Наконец пришла зима, а о празднествах и балах разговоров вокруг меня шло еще меньше, чем в моем пансионе. Я пыталась найти объяснение такой уединенности; мой юный возраст, все мои мысли и надежды чрезвычайно отдаляли меня от тех, с кем приходилось общаться в то время. Мало-помалу я все больше впадала в глубокую тоску, чего не замечал или не хотел замечать батюшка.

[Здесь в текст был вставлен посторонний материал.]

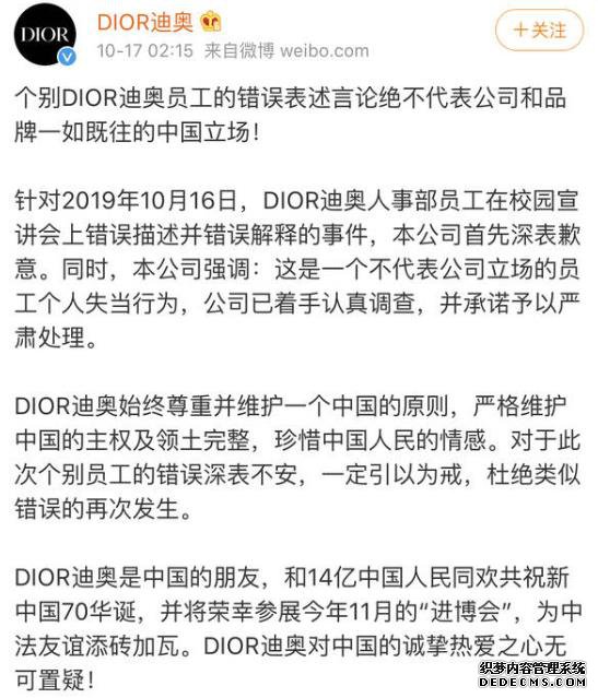 10月19日,在宣讲会用错地图而登上热搜的Dior再次上榜,而此次的原因却有些出人意料:Dior在其2020春夏成衣系列秀场闭幕派对上放了播放《我和我的祖国》。派对上演“红歌行动”,Dior这次的被批“用力过猛”? 一直以来,Dior的闭幕式派对都汇聚了各路时尚人士,各种霓虹闪烁、时尚前卫。而一曲不适宜的《我和我的祖国》,不得不联想到Dior宣讲会用错中国地图一事。 10月日,Dior在中国某高校开展了校园宣讲会时,一张PPT中中国地图缺失了某个小岛部分。随后引发台下的学生不满,当现场学生对此提出质疑后,Dior工作人员却以“某个小岛太小了,所以没有显示在地图上”回答,企图“蒙混过关”。在被学生反问质疑后更是偷换概念,称Dior将香港和某个小岛合称“G产品推广情况reat China”,在生意地图上相对于中国大陆,香港和某个小岛是两个独立的区域。Dior工作人员前后一系列“迷”一般的回答自然是没有得到认可,其解释过程的视频也被传到网上,引起一片哗然。 对此,Dior官方日凌晨迅速发布了道歉声明,指出该员工关于宣讲地图的描述及解释均为错误的,同时还表明了公司在维护一个中国原则方面的立场。道歉结束后,为了弥补自己的错误,才出现了派对放《我和我的祖国》这一稍具“戏剧性”的场景。 ![]() Dior官方道歉声明 纵观Dior近期的一系列行为,小编认为此次Dior对于危机事件的反应速度确实值得肯定。可以说在今年这个众多品牌因对中国主权的错误认识而纷纷“翻车”的大环境下,Dior的及时处理在一定程度上是控制了大众负面情绪的进一步发酵,在一个舆论环境相对冷静的时候摆出态度,将其对待中国领土完整的正确立场清晰地传递给了大众。甚至有网友评论称这次是Dior的及时公关将Dior品牌形象拉了回来。 但就对Dior在这整个事件中所采取的行为,小编仍持着褒贬参半的立场。首先从其能诚恳地发布道歉声明,敢于认错,第一时间站出来接受批评这一点来说,Dior确实赢得了公众的好感。但派对上演“红歌行动”,是否有些“用力过猛”? 不可否认,Dior在party上放《我和我的祖国》确实是放弃了其以往派对的风格,以一种有些“蠢”的方式展示着自己的诚意,获得了部分网友“满满求生欲”的评价。可同时也有部分网友对这一点提出了不小的质疑。《我和我的祖国》这类歌曲本就不适合Dior派对这类场合,强行“红专”到底是在道歉还是在“高级黑”?整体来看,这类模棱两可的处理方法对于Dior诚意的展示实际上是有一定削弱作用的。 ![]() Dior秀场派对放《我和我的祖国》存在不解 品牌出现危机事件,第一时间把握问题及时回应,这自然无可厚非。但在后续危机公关的处理方式上,Dior任需要慎重选择,并非一首《我和我的祖国》就能解决危机的根源,态度先行,行为也得匹配跟上。

Однажды вечером, во время более многочисленного, чем обычно, собрания, я тихо сидела в уголке гостиной и, уперевшись в подбородок, с грустью предавалась воспоминаниям о веселых вечеринках в пансионе и девичьих откровениях о прекрасном будущем, которое, без всякого сомнения, нас ожидало. Меня, однако, нельзя было причислить к романтическим натурам. Я вовсе не рассчитывала на всеобщее поклонение и сказочные богатства. Человек любящий и понимающий, с которым я буду жить в добром согласии и достатке, — таков был предел моих мечтаний. Не столь уж из ряда вон выходящие грезы, если, конечно, не принимать во внимание, что в нашем мире питать надежды на спокойную, честную и счастливую жизнь — уже сумасбродство.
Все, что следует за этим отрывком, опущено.